John Makinson, the global CEO of Penguin, was quoted in a Reuters article saying that the post-Christmas period in publishing coming up is “tougher to predict” than “any time that I can remember”. Asked what he sees in the immediate future, Makinson replied “dark clouds”.

Makinson’s concerns reflect one we have written about many times in this space: the rise of powerful ebook vendors who are tech behemoths essentially replacing the network of brick bookstores, many of which were free-standing independents. (This is true in the UK, where Makinson is based, as well as in the US, for which he is also responsible. It will also happen everywhere else.) He made a very cogent point when he said that publishing has been driven more by supply than demand. He was quoted as saying “consumer taste doesn’t actually change all that much but what does change is the availability of books in different channels.”

He’s completely correct. Up until 15 years ago (the dawn of Amazon), only books that were on store shelves had much chance at all to sell. The biggest and most successful publishers today are still the ones which ascended because of their power to put books on those shelves. It is not the publishers’ fault or doing that this is changing.

Longtime industry executive and consultant Joe Esposito wrote a post around the Borders bankruptcy that makes this general point: publishers are part of an ecosystem that is changing in ways they can’t control.

The growth in ebook sales is not an unbroken line pointing up. Industry stats suggest that sales may even have slowed a bit in September compared to August. But this is the time of year when we get the next step-increment change in the publishing reader-supply network. Starting in November, 2007, when Amazon put the Kindle on sale for the first time, the Christmas season has been when the huge leaps in device ebook reader distribution take place. That includes a huge ebook sales day on Christmas itself followed by a couple of months when ebook sales reach new peaks.

This is inevitably accompanied by bad news from the brick book trade. Last year’s first quarter included the bankruptcy filing of Borders. Stores fight hard to keep their doors open through the Christmas season but, with each passing year, if they’re not selling ebook reading devices, they find disappintment more often than salvation.
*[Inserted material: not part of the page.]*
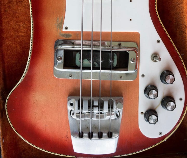 Now, you might think being rare and all they’d be worth more than a “regular” 20 fret example. And you’d be wrong. Now it is true that any pre-transitional 4001 is pretty rare in and of itself. But, given that no player of note is deeply associated with the 21 fretters—yes, Maurice Gibb owned one, but you didn’t know that before you read this, did you?—most true collectors want an archetypical example of one of these rare birds…which only has 20 frets.
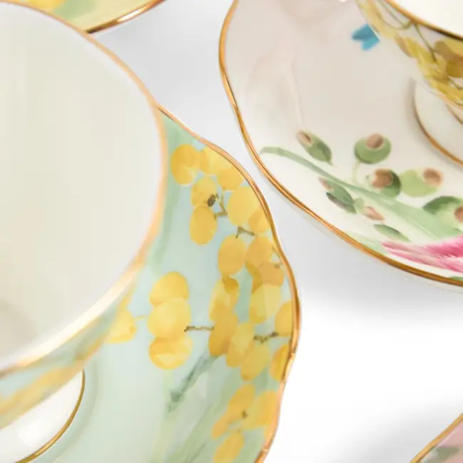 Miranda Kerr strávila dětství šplháním po stromě poblíž domu své babičky a kochala se přírodní krásou okolí, než se vydala do domu na čaj a dort. Právě tam v korunách stromu, se zrodila tato nová kolekce porcelánu. Australiana je bujarou oslavou Mirandiny lásky ke krásnému prostředí její rodné Austrálie a nabízí dostupný luxus prostřednictvím nadčasového a všestranného designu. Vzor pochází z Mirandiny fantazie, překypuje barvami a hravými motivy, které zobrazují eukalyptus společně s peřím místních ptáků, jako jsou kakaduové a střízlíci modří. Tato kolekce jemného kostního porcelánu se zlatou linkou je ideální pro odpolední čaj, ale i snídani nebo zahradní oběd.

One bookstore owner I know has been doing a great job; the store held its own despite the overall slide in print. The bookseller told me that this year, through October, sales at the store were down 5%. Not bad. They were down 2% year-on-year last year. They were down 1% year-on-year in 2009. And they had a record year for sales in 2008.

There’s a pattern there. The percentage reduction is doubling each year. When I said, “so you’ll be down 10% next year and 20% the year after that, right?” Bookseller said, “probably.”

Almost no brick store can stand a sales loss of 20% and remain viable. Maybe one could make up the 20% by selling something else in addition to books. But maybe branching out into other lines of merchandise will cost more than it will generate.

Maybe they won’t be able to hold even that 5% reduction through Christmas. And maybe the 20% we see as two years away is even closer.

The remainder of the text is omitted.